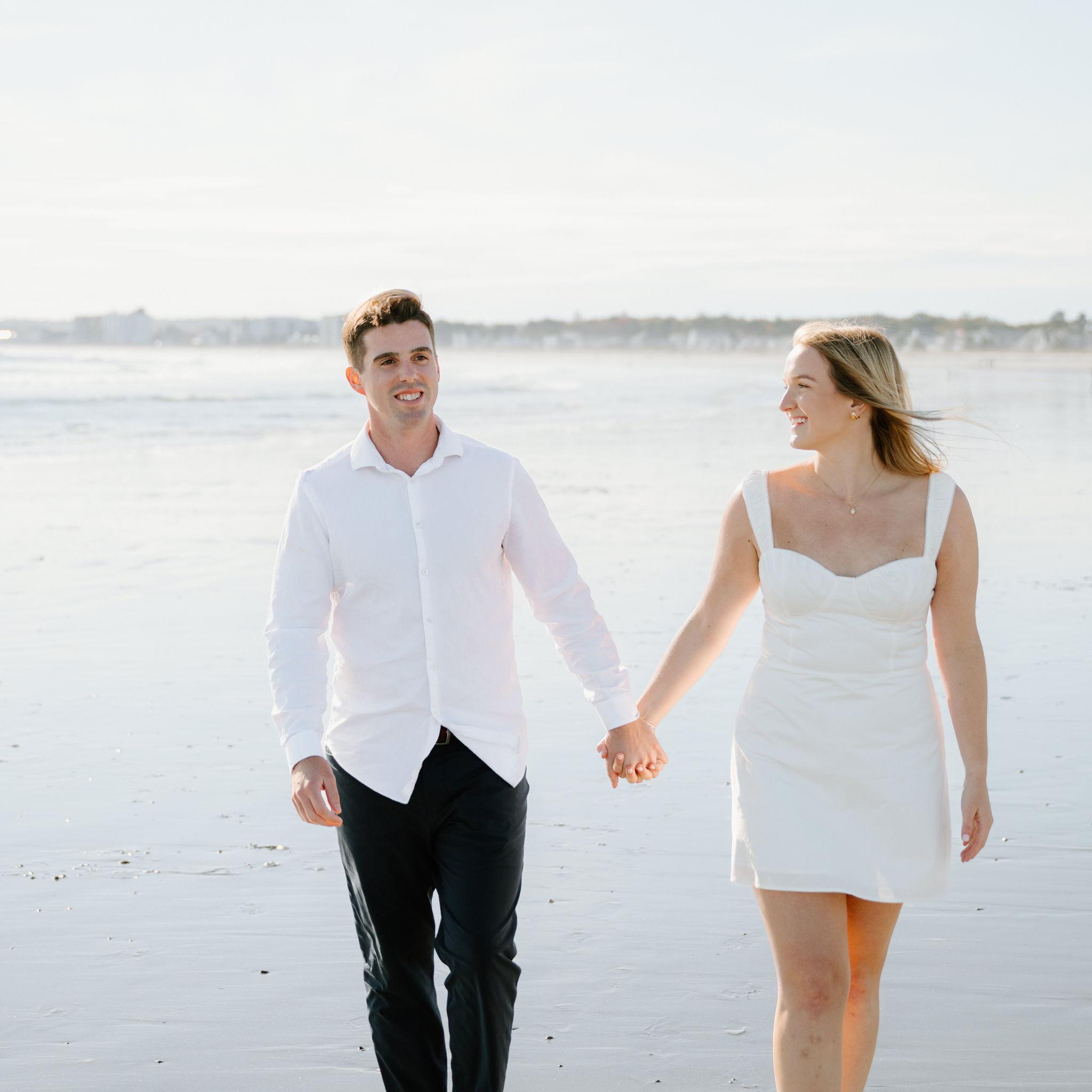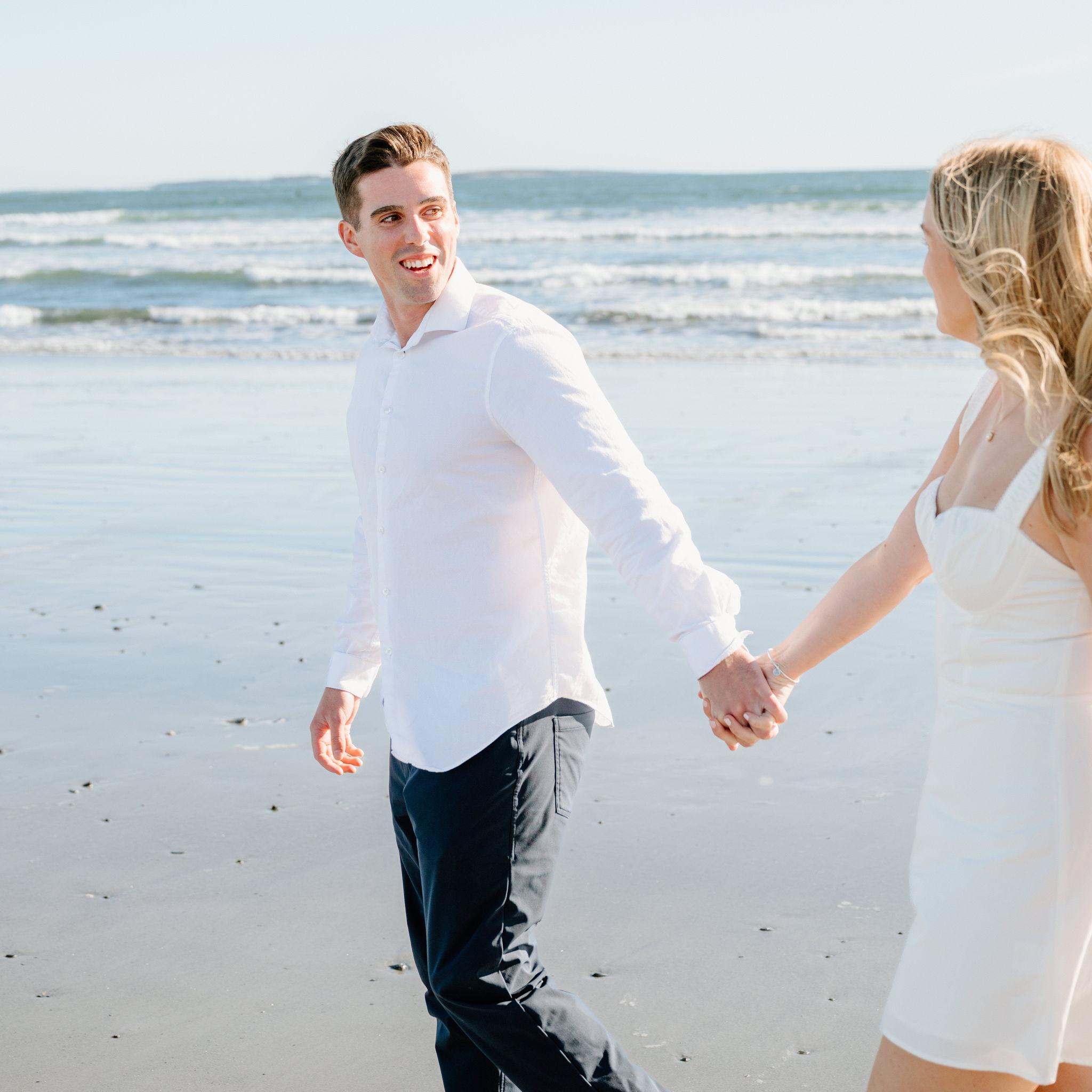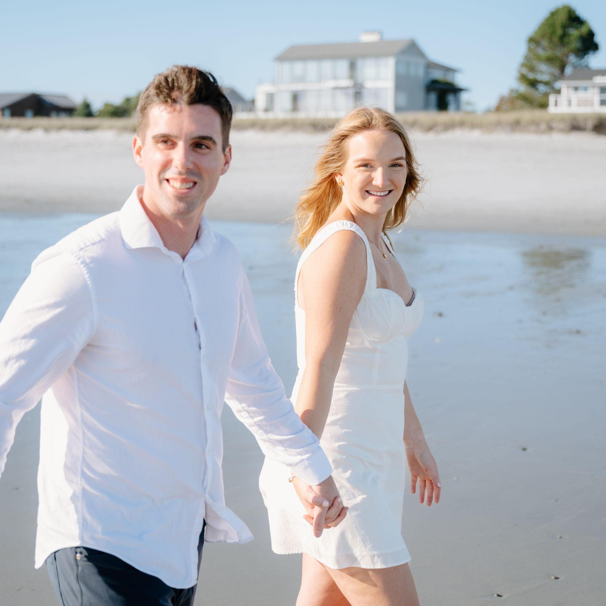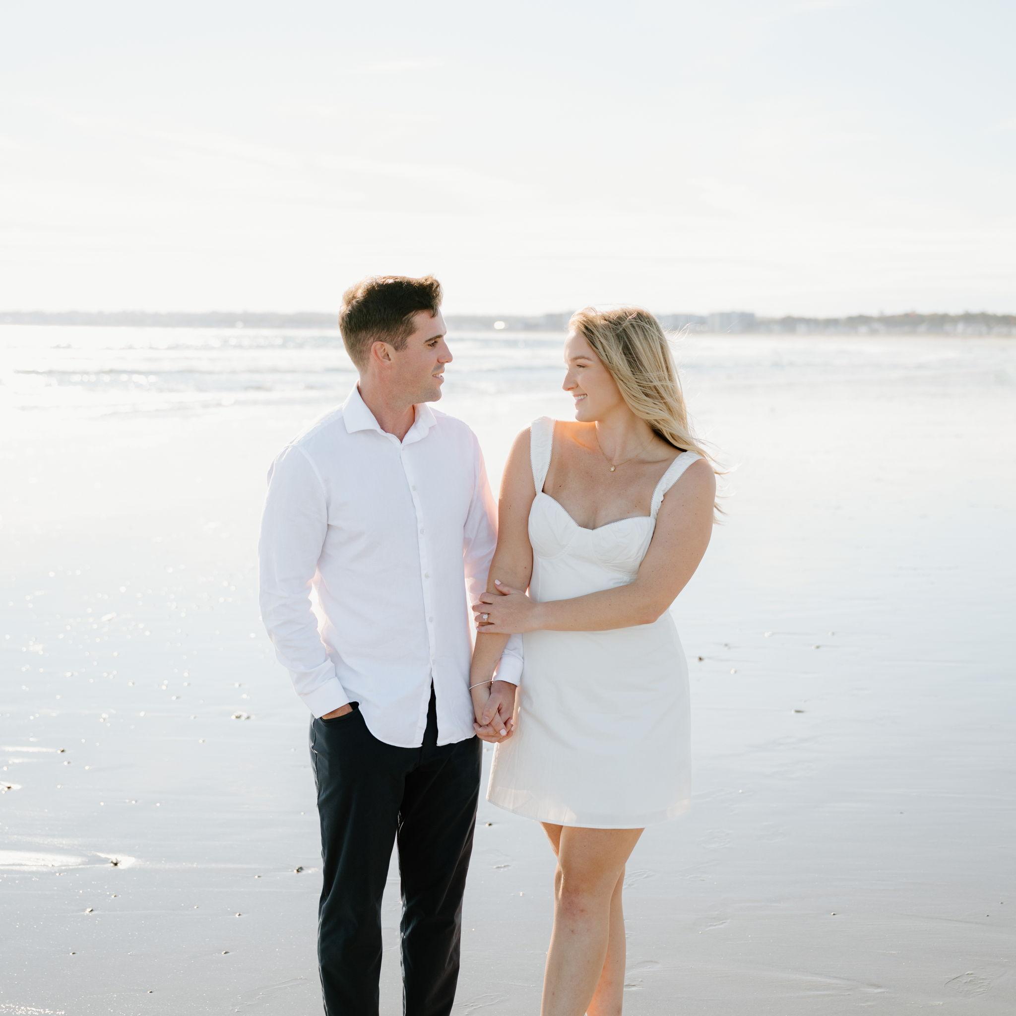 Kelly and Tommy both found their way to Raleigh, North Carolina, after college—by chance—where they met in 2020 through mutual friends just before COVID shut everything down. What started as a night out turned into three years in Raleigh filled with friends, adventures to the beach, trips to Key West (yes, more than once) and the Virgin Islands. In 2022, they moved north to Maine, bought their first home in January 2024, and added plenty of snow shoveling to their routine (well, Tommy did). Tommy also taught Kelly how to ski—though she may enjoy après-ski a little more. Life in Maine has been full of Pine Point Beach days, brewery stops, home projects, and new adventures. Their dog Ella, who Tommy got in college, has been along for the ride, happily collecting more than her fair share of treats. From Raleigh rooftops to Maine winters, it’s been an adventure they wouldn’t trade for anything.
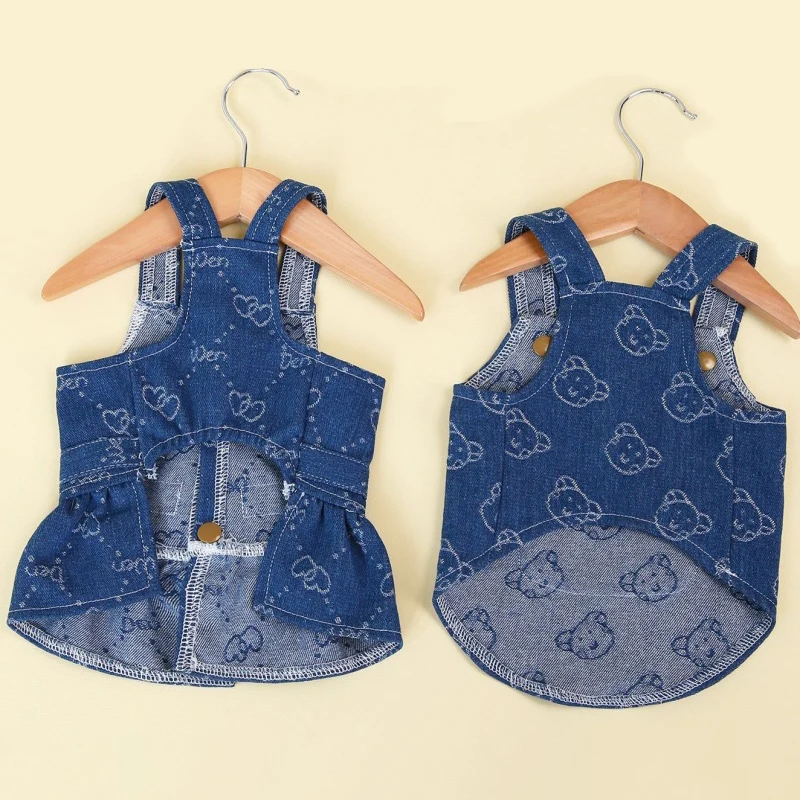 Vestidos de mezclilla para perros pequeños, ropa para cachorros y niñas con anillo de correa y bonito patrón, ropa de verano para gatos con anillo en D, azul marino
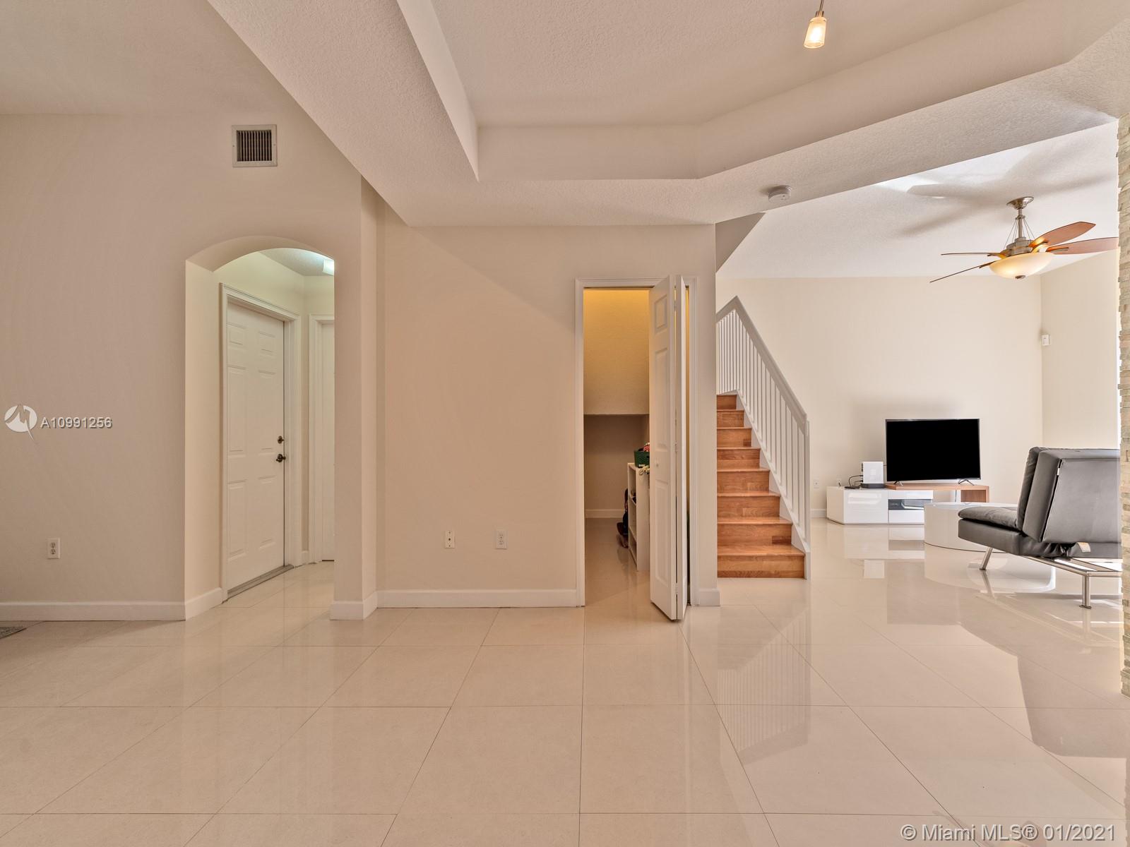 Beautiful townhouse in the best location in Doral. Walking distance to Publix, Starbucks and Morgan Levy Park. Access to Doral Park Country Club with golf course, tennis courts, pool, gym and 19th Hole Bar/restaurant. 4 bed/ 2.5 bath, stainless steel appliances, porcelain tile on 1st floor, laminate on 2nd floor, 1 car garage + driveway w/ 4 car spaces. Low HOA includes 24h security, maintenance, landscaping and basic cable. Close to A+ schools; call agent for appointment
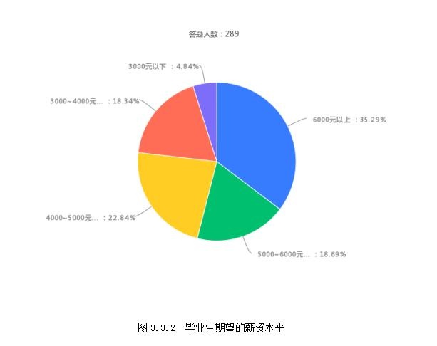 在被调查的289名毕业生中,102名毕业生期望薪酬在6000元以上,54名毕业生期望薪酬在5000-6000元,66名毕业生期望薪酬在4000-5000元,53名毕业生期望薪酬在3000-4000元,14名毕业生期望薪酬在3000元以下。具体见图3.3.2:
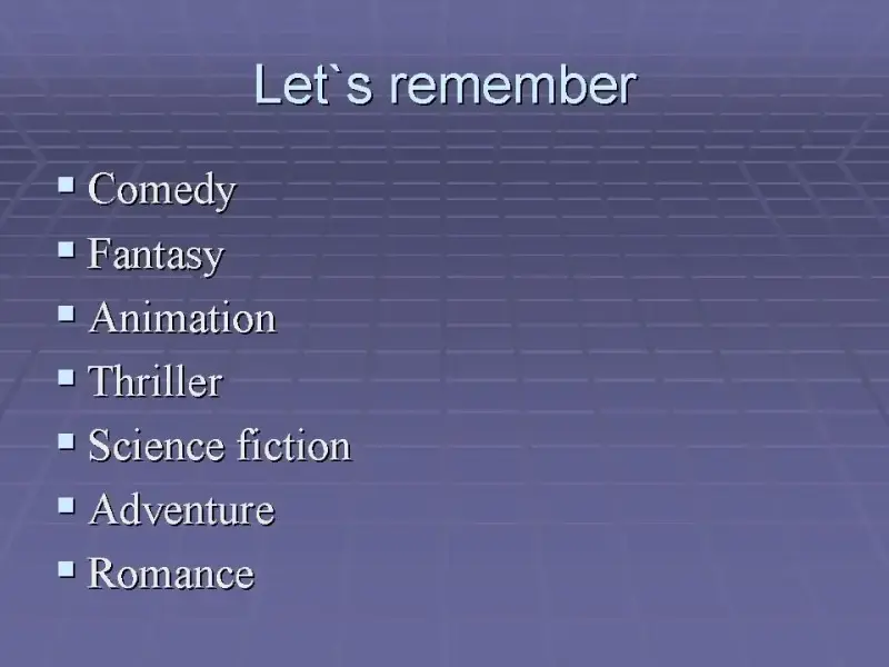 Words: comedy, fantasy, animation, thriller, science fiction, adventure, romance.
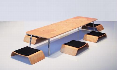 ,日式风格的餐桌和椅子,可以很方便的折叠到一起。
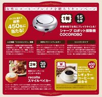 ![]() 【全日本コーヒー商工組合連合会】第5回 女性にコーヒーブレイクを贈ろうキャンペーン 1等:シャープ ロボット掃除機 COCOROBO(15名様) 2等:recolte スマイルベーカー(35名様) Wチャンス:レギュラーコーヒー詰め合わせ(400名様) WEBでも応募可能 クイズ: ○月1日はコーヒーの日 官製ハガキに郵便番号・ご住所・お名前・電話番号・年齢・性別・クイズの答えを明記の上、ご郵送ください 〒105-0003 東京都港区西新橋2-34-2 全日本コーヒー商工組合連合会 コーヒーブレイク係 |
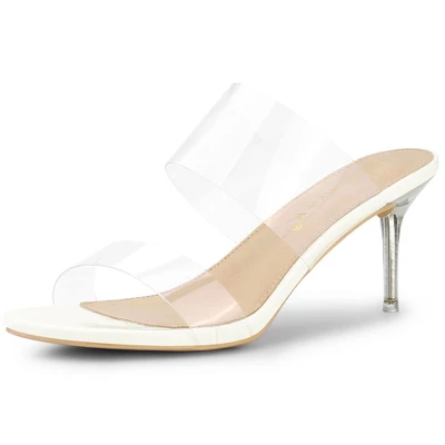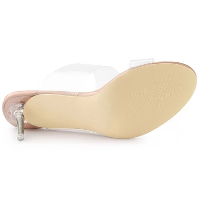 - Clear Heel Slide Sandasl, Stiletto Heel, Open Toe, Slip On
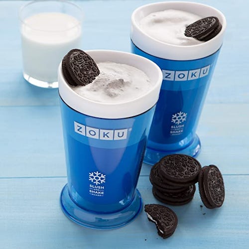 You don't need an electrical outlet to use this shake and slushy maker — just a strong arm. After freezing the inner core, simply add your ingredients to the cup and stir with the included spoon. After about seven minutes, you'll have a slushy treat to enjoy. Try it with juice, blended fruit, coffee, or even soda.
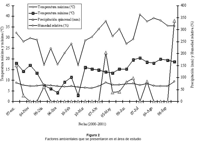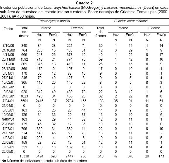 El presente trabajo se realizó en el Campo Experimental "General Francisco Villa" localizado en el municipio de Güemez, Tamaulipas en un huerto de 45 ha, con naranjos de la variedad Valencia de 25 años de edad. En el huerto los árboles tienen una altura promedio de 4 m; En el terreno se aplica riego por goteo con intervalos de 15 días, además de fertilización de tipo química y orgánica a inicio de floración. Se seleccionó un área de 1 ha con 150 árboles y de ellos se escogieron 15 árboles al azar. El área de estudio se mantuvo libre de agroquímicos en el ciclo del cultivo anterior y durante el presente estudio. A la copa de cada árbol se le dividió en dos zonas, una exterior de 50 cm de espesor y una que comprendió la parte interna del árbol. En cada área de muestreo, se seleccionaron 15 hojas al azar y a cada hoja se le subdividió en 2 sub-áreas, una que comprendió el haz de la hoja y la otra el envés. Las hojas se cortaron y se colocaron individualmente en bolsas de papel dentro de una hielera para inhibir el movimiento de los ácaros. El material se trasladó al laboratorio para realizar el conteo de los ácaros en cada una de las hojas colectadas. Se registró el número de ácaros presentes utilizando para ello un microscopio estereoscópico. Se realizaron 24 muestreos quincenales del 7 de octubre de 2000 a septiembre de 2001.

════════

[What you are asked to do] Since the pictures are not part of the copy, transcribe only the remaining material, exactly.

[Solution to this problem]
 Kelly and Tommy both found their way to Raleigh, North Carolina, after college—by chance—where they met in 2020 through mutual friends just before COVID shut everything down. What started as a night out turned into three years in Raleigh filled with friends, adventures to the beach, trips to Key West (yes, more than once) and the Virgin Islands. In 2022, they moved north to Maine, bought their first home in January 2024, and added plenty of snow shoveling to their routine (well, Tommy did). Tommy also taught Kelly how to ski—though she may enjoy après-ski a little more. Life in Maine has been full of Pine Point Beach days, brewery stops, home projects, and new adventures. Their dog Ella, who Tommy got in college, has been along for the ride, happily collecting more than her fair share of treats. From Raleigh rooftops to Maine winters, it’s been an adventure they wouldn’t trade for anything.
 Vestidos de mezclilla para perros pequeños, ropa para cachorros y niñas con anillo de correa y bonito patrón, ropa de verano para gatos con anillo en D, azul marino
 Beautiful townhouse in the best location in Doral. Walking distance to Publix, Starbucks and Morgan Levy Park. Access to Doral Park Country Club with golf course, tennis courts, pool, gym and 19th Hole Bar/restaurant. 4 bed/ 2.5 bath, stainless steel appliances, porcelain tile on 1st floor, laminate on 2nd floor, 1 car garage + driveway w/ 4 car spaces. Low HOA includes 24h security, maintenance, landscaping and basic cable. Close to A+ schools; call agent for appointment
 在被调查的289名毕业生中,102名毕业生期望薪酬在6000元以上,54名毕业生期望薪酬在5000-6000元,66名毕业生期望薪酬在4000-5000元,53名毕业生期望薪酬在3000-4000元,14名毕业生期望薪酬在3000元以下。具体见图3.3.2:
 Words: comedy, fantasy, animation, thriller, science fiction, adventure, romance.
 ,日式风格的餐桌和椅子,可以很方便的折叠到一起。
 ![]() 【全日本コーヒー商工組合連合会】第5回 女性にコーヒーブレイクを贈ろうキャンペーン 1等:シャープ ロボット掃除機 COCOROBO(15名様) 2等:recolte スマイルベーカー(35名様) Wチャンス:レギュラーコーヒー詰め合わせ(400名様) WEBでも応募可能 クイズ: ○月1日はコーヒーの日 官製ハガキに郵便番号・ご住所・お名前・電話番号・年齢・性別・クイズの答えを明記の上、ご郵送ください 〒105-0003 東京都港区西新橋2-34-2 全日本コーヒー商工組合連合会 コーヒーブレイク係 |
 - Clear Heel Slide Sandasl, Stiletto Heel, Open Toe, Slip On
 You don't need an electrical outlet to use this shake and slushy maker — just a strong arm. After freezing the inner core, simply add your ingredients to the cup and stir with the included spoon. After about seven minutes, you'll have a slushy treat to enjoy. Try it with juice, blended fruit, coffee, or even soda.
 El presente trabajo se realizó en el Campo Experimental "General Francisco Villa" localizado en el municipio de Güemez, Tamaulipas en un huerto de 45 ha, con naranjos de la variedad Valencia de 25 años de edad. En el huerto los árboles tienen una altura promedio de 4 m; En el terreno se aplica riego por goteo con intervalos de 15 días, además de fertilización de tipo química y orgánica a inicio de floración. Se seleccionó un área de 1 ha con 150 árboles y de ellos se escogieron 15 árboles al azar. El área de estudio se mantuvo libre de agroquímicos en el ciclo del cultivo anterior y durante el presente estudio. A la copa de cada árbol se le dividió en dos zonas, una exterior de 50 cm de espesor y una que comprendió la parte interna del árbol. En cada área de muestreo, se seleccionaron 15 hojas al azar y a cada hoja se le subdividió en 2 sub-áreas, una que comprendió el haz de la hoja y la otra el envés. Las hojas se cortaron y se colocaron individualmente en bolsas de papel dentro de una hielera para inhibir el movimiento de los ácaros. El material se trasladó al laboratorio para realizar el conteo de los ácaros en cada una de las hojas colectadas. Se registró el número de ácaros presentes utilizando para ello un microscopio estereoscópico. Se realizaron 24 muestreos quincenales del 7 de octubre de 2000 a septiembre de 2001.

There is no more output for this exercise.